[Record extracts — start]

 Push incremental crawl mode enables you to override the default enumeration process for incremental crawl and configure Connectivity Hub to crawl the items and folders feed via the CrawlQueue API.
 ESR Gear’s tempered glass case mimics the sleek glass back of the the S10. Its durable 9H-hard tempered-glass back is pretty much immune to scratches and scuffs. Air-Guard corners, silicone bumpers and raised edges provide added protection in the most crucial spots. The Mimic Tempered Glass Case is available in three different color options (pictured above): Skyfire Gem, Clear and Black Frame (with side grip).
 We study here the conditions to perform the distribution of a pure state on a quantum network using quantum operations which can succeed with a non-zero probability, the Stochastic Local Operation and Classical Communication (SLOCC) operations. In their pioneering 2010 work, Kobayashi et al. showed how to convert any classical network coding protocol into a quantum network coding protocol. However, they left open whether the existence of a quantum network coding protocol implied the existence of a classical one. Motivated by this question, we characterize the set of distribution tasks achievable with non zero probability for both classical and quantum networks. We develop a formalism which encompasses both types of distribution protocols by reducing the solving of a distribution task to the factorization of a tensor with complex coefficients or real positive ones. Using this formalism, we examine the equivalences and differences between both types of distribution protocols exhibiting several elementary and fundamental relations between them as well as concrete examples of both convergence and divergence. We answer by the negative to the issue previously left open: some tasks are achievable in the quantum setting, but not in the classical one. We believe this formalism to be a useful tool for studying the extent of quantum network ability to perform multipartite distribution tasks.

[Record extracts — finish]
[Record extracts — start]

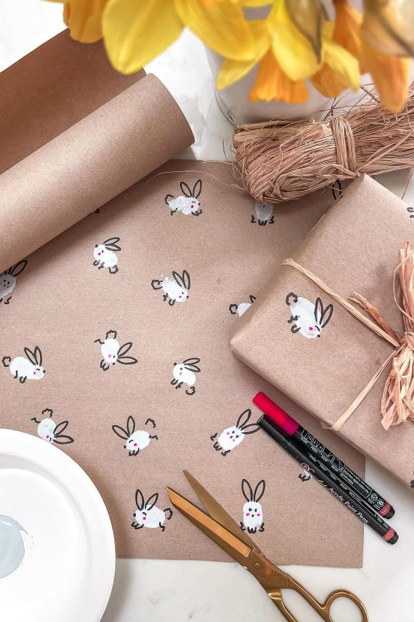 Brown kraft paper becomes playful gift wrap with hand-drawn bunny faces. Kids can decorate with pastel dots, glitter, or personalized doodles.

[Record extracts — finish]

### [Your instructions]
Which lines run from the one holding "Push incremental crawl" through the one holding "ESR Gear’s tempered" in the records above? Repeat them exactly, both included, and nothing more.

### [Result of the task]
 Push incremental crawl mode enables you to override the default enumeration process for incremental crawl and configure Connectivity Hub to crawl the items and folders feed via the CrawlQueue API.
 ESR Gear’s tempered glass case mimics the sleek glass back of the the S10. Its durable 9H-hard tempered-glass back is pretty much immune to scratches and scuffs. Air-Guard corners, silicone bumpers and raised edges provide added protection in the most crucial spots. The Mimic Tempered Glass Case is available in three different color options (pictured above): Skyfire Gem, Clear and Black Frame (with side grip).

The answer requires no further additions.